While Goebbels the minister of propaganda still preached final victory, Goebbels the Gauleiter and Reich Defence Commissar for Berlin ordered obstacles to be constructed in and around the city. Tens of thousands of under-nourished civilians, mostly women, were marched out to expend what little energy they had on digging tank ditches. Rumours of resentment at Nazi bureaucracy, incompetence and the time wasted on useless defence preparations began to circulate, in spite of the penalties for defeatism. ‘In the whole war,’ one staff officer wrote scathingly, ‘I have never seen a tank ditch, either one of ours or one of the enemy’s, which managed to impede a tank attack.’ The army opposed such senseless barriers constructed on Nazi Party orders, because they hindered military traffic going out towards the Seelow Heights and caused chaos with the stream of refugees now coming into the city from villages west of the Oder.
Brandenburger farmers who had to stay behind because they had been called up into the Volkssturm meanwhile found it increasingly difficult to farm.

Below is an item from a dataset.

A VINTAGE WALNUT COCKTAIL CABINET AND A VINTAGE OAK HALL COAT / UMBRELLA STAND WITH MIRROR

The local Nazi Party farm leader, the Ortsbauernführer, was ordered to requisition their carts and horses for the transport of wounded and ammunition. Even bicycles were being commandeered to equip the so-called tank-hunting division. But the most telling degree of the Wehrmacht’s loss of equipment during the disastrous retreat from the Vistula was its need to take weapons from the Volkssturm.

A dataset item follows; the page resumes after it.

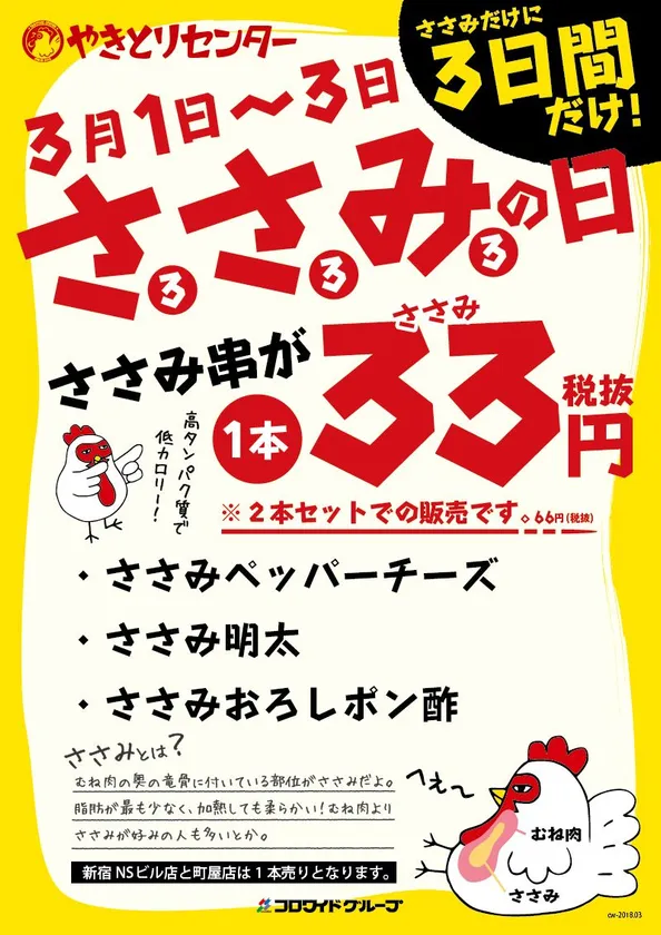 3月3日はささみの日!やきとりセンターでは、低脂肪で高たんぱくな「ささみ」の魅力を多くの人に知ってもらうため、「ささみペッパーチーズ」「ささみ明太」「ささみおろしポン酢」(各280円(税抜)/2本セット)の3商品を、3だけに、3日間限定でなんと1本33円 さんじゅうさんえん(税抜)で販売致します。

Volkssturm battalion 16/69 was centred on Wriezen, at the edge of the Oderbruch, close to the front line. It mustered no more than 113 men, of whom thirty-two were on defence works in the rear and fourteen were ill or wounded. The rest guarded tank barricades and bridges. They had three sorts of machine gun, including several Russian ones, a flame-thrower lacking essential parts, three Spanish pistols and 228 rifles from six different nations. One must assume that this report on their weapon states is accurate since the district administration in Potsdam had issued a warning that to make a false report on this subject was ‘tantamount to a war crime’. But in many cases even such useless arsenals were not handed over because Nazi Gauleiters told the Volkssturm to give up only weapons which had been lent by the Wehrmacht in the first place.